Mender of Sparrows (2/5)
Cette fois, il est question d'androïdes, un poncif de la SF. Ca se lit bien, l'écriture reste bonne, mais aussi bien sur le plan de la trame que des idées, il n'y a rien de grand intérêt. Les androïdes sont une minorité oppressée, on s'interroge très vaguement sur la nature de la conscience : du plus que déjà vu.
The Disintegration Loop (2/5)
J'ai l'impression de commencer à discerner un motif. Ray Nayler excelle pour ce qui est du worldbuilding, mais ses trames sont extrêmement simplistes. Ici, uchronie : les USA ont récupéré plein de cool tech dans une soucoupe volante crashée, notamment le disintegration loop, qui permet de lire certaines mémoires des morts. S'ensuit une brève enquête policière avec un twist classique. L'auteur parvient à donner l'impression qu'il y a plein de choses en arrière-plan, et ce n'est pas faux : on trouve plein de détails qui attisent la curiosité et donnent envie de lire. Mais la trame en elle-même tient en deux phrases et il n'y aucune exploration satisfaisante des thèmes esquissés.

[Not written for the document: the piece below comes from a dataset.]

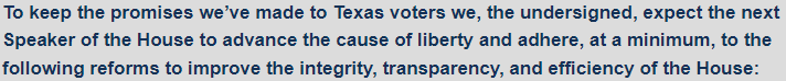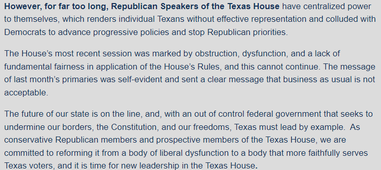 The short of it is that if Democrats are successful in flipping several seats this November, the Contract On Texas will be like 25 asshole Republicans against 75 Democrats and 56 Establishment Republicans willing to act in a bipartisan way.
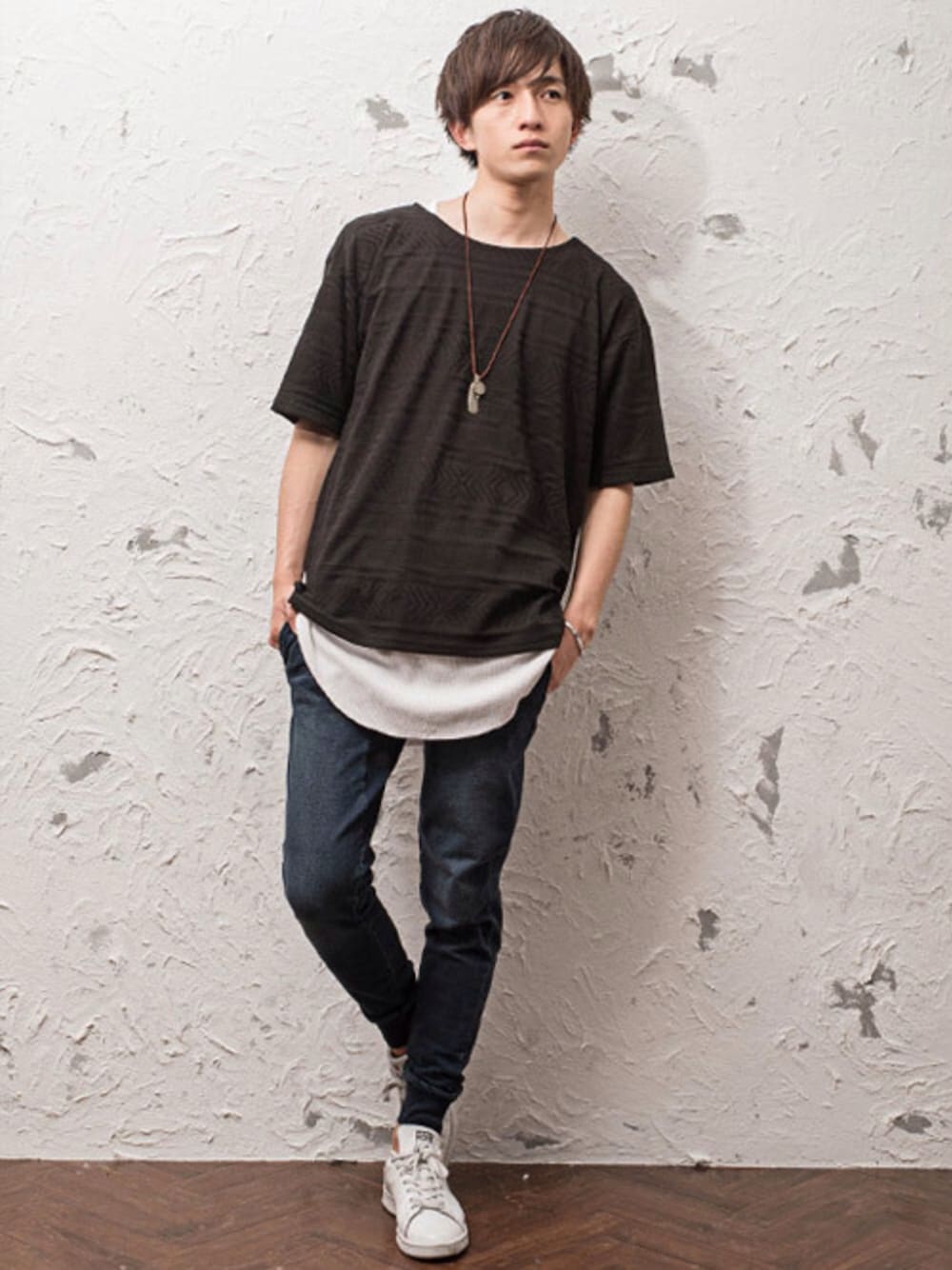 REONのTシャツ/カットソー「ジャガードビッグTシャツ ロングタンクトップ 2点セット アンサンブル」を使ったコーディネート

A Rocket for Dimitrios (2,5/5)
Une suite à la nouvelle précédente, meilleure car présentant plus d'enjeux et une trame plus en lien avec le worldbuilding. Il me semblait qu'un dilemme moral était mis en place (faut-il autoriser les USA ou même le monde à récupérer la boite de Pandore qu'est une autre soucoupe volante crashée ?), mais non, cette piste est complètement désamorcée au profit d'un peu de mélodrame à propos de ce Dimitrios. Pour le reste, c'est du policier typé espionnage classique avec beaucoup trop d'exposition.
Eyes of the Forest (4/5)
Une nouvelle très chouette sur une planète où toute la faune et la flore vit en symbiose. Tout ce qui est vivant luit, et vit en relative harmonie, alors que tout ce qui est mort perd sa lueur et se fait instantanément dévorer par toutes les bestioles qui attendent cette opportunité. Au milieu de ça, les humains vivent en souterrain, pendant qu'une caste de pisteurs maintient le lien entre les colonies en naviguant à la surface à l'aide d'une combinaison lumineuse. La trame est une fois de plus très fine mais les dernières lignes parviennent néanmoins à nouer le tout. Je reproche juste à la nouvelle de nous faire poiroter beaucoup trop longtemps avant de nous faire rentrer dans son sujet : le premier tiers, en mode flashback, est franchement superflu.
Father (4/5)
Une trame simple et pas follement originale, mais fort bien menée. Dans le contexte post-WW2 uchronique déjà croisé plus haut, un fils unique voit apparaitre dans sa vie un robot-père, qui va rapidement gagner et mériter son affection. Ce conte de fée sera hélas plus qu'entaché par les sombres secrets que cachent ces robots-pères et, surtout, par l'inévitable perversité humaine. L'auteur parvient à donner à cette situation resserrée un habile tragique du quotidien.